En marzo de 2016, AlphaGo de Google DeepMind sorprendió al mundo al derrotar a Lee Sedol, entonces el jugador de Go mejor clasificado del mundo. Esta victoria no fue sólo una victoria en el juego; marcó un gran salto en la inteligencia artificial. La historia detrás de AlphaGo se trata menos de un avance repentino y más de un esfuerzo concentrado, comenzando con una idea simple de un pasante.
La chispa inicial
El proyecto comenzó con una pregunta planteada por Ilya Sutskever, más tarde cofundador de OpenAI: ¿podría una IA aprender a jugar Go a un nivel experto? Sutskever argumentó que si los jugadores humanos eligen movimientos en medio segundo, una red neuronal debería poder aproximarse a ese proceso. Esto se basó en éxitos anteriores en el reconocimiento de imágenes, donde la IA ya había demostrado su capacidad para procesar información visual rápidamente.
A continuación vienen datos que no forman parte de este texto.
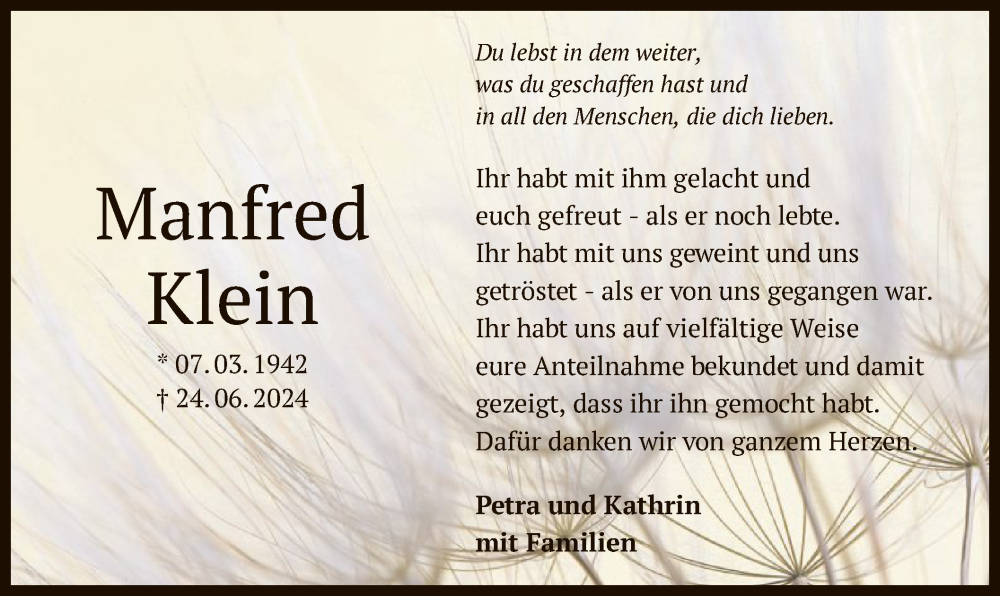 Hier finden Sie alle Traueranzeigen aus der Zeitung, die bisher für Manfred Klein erschienen sind. Weitere Traueranzeigen, die in der Zeitung erscheinen, werden hier ebenfalls aufgelistet

Chris Maddison, entonces estudiante de maestría, se unió a Google Brain como pasante en el verano de 2014 para comenzar a construir las redes neuronales necesarias. El equipo, que incluía a Aja Huang y David Silver, probó inicialmente varios enfoques. Maddison descubrió que la estrategia más simple (entrenar una red neuronal para predecir el siguiente movimiento que haría un experto) arrojaba los mejores resultados.
Del proyecto interno al fenómeno global
A finales de ese verano, las redes de Maddison ya estaban superando a los propios jugadores de DeepMind. Este éxito inicial generó una mayor inversión y un equipo más grande dedicado al proyecto. El objetivo pasó de ser una prueba de concepto a vencer a los mejores del mundo.
El equipo mantuvo la imagen de Lee Sedol en sus escritorios como un recordatorio constante del desafío. Cada mejora en la IA se midió en función de su nivel de habilidad. Como dijo Maddison: “Estamos un poco mejor, ¿qué tan cerca estamos de Lee Sedol?” La respuesta, según Huang, fue que Sedol estaba “a una piedra de Dios”.
El partido de Seúl y más allá
Maddison abandonó el proyecto antes del histórico partido contra Sedol y decidió centrarse en su doctorado. Sin embargo, su trabajo inicial sentó las bases de la IA que finalmente ganaría. El ambiente en Seúl durante los partidos fue intenso. A pesar de la confianza en la IA, había una sensación de incertidumbre. Incluso con ventaja estadística, cualquier cosa podría pasar.
La victoria no fue sólo una victoria para DeepMind, sino un momento cultural. Cientos de millones de personas sólo en China vieron el primer partido, y multitudes se reunieron en Seúl para ver los partidos en vivo en pantallas gigantes.
La evolución de la IA: el impacto duradero de AlphaGo
El éxito de AlphaGo no fue un hecho aislado. Sentó las bases para los sistemas de inteligencia artificial modernos, incluidos los modelos de lenguajes grandes (LLM). El principio básico sigue siendo el mismo: entrenar una red neuronal para predecir el siguiente elemento (movimiento o palabra) en función de los datos existentes, luego refinar ese modelo utilizando el aprendizaje por refuerzo para alinearlo con objetivos específicos.
La clave para progresar, como lo demostró AlphaGo, no son solo algoritmos inteligentes, sino también tener suficientes datos para el pre-entrenamiento y señales de recompensa claras para el post-entrenamiento. Sin estos ingredientes, ninguna innovación técnica será suficiente.
El elemento humano
La victoria sobre Lee Sedol fue agridulce. El propio Sedol se disculpó ante la humanidad por su pérdida, calificándola de su fracaso, no de ellos. La tradición de la revisión posterior al partido, piedra angular de la cultura del Go, era imposible porque AlphaGo no era humano. El equipo observó cómo los amigos de Sedol intervinieron para llenar el vacío, pero no fue lo mismo.
En última instancia, AlphaGo fue producto de un esfuerzo colectivo, una “tribu” que construyó un artefacto capaz de superar la habilidad humana en un juego complejo. El objetivo de Go puede ser ganar, pero su propósito se extiende al entretenimiento y la exploración, asegurando que incluso con el dominio de la IA, la participación humana perdurará.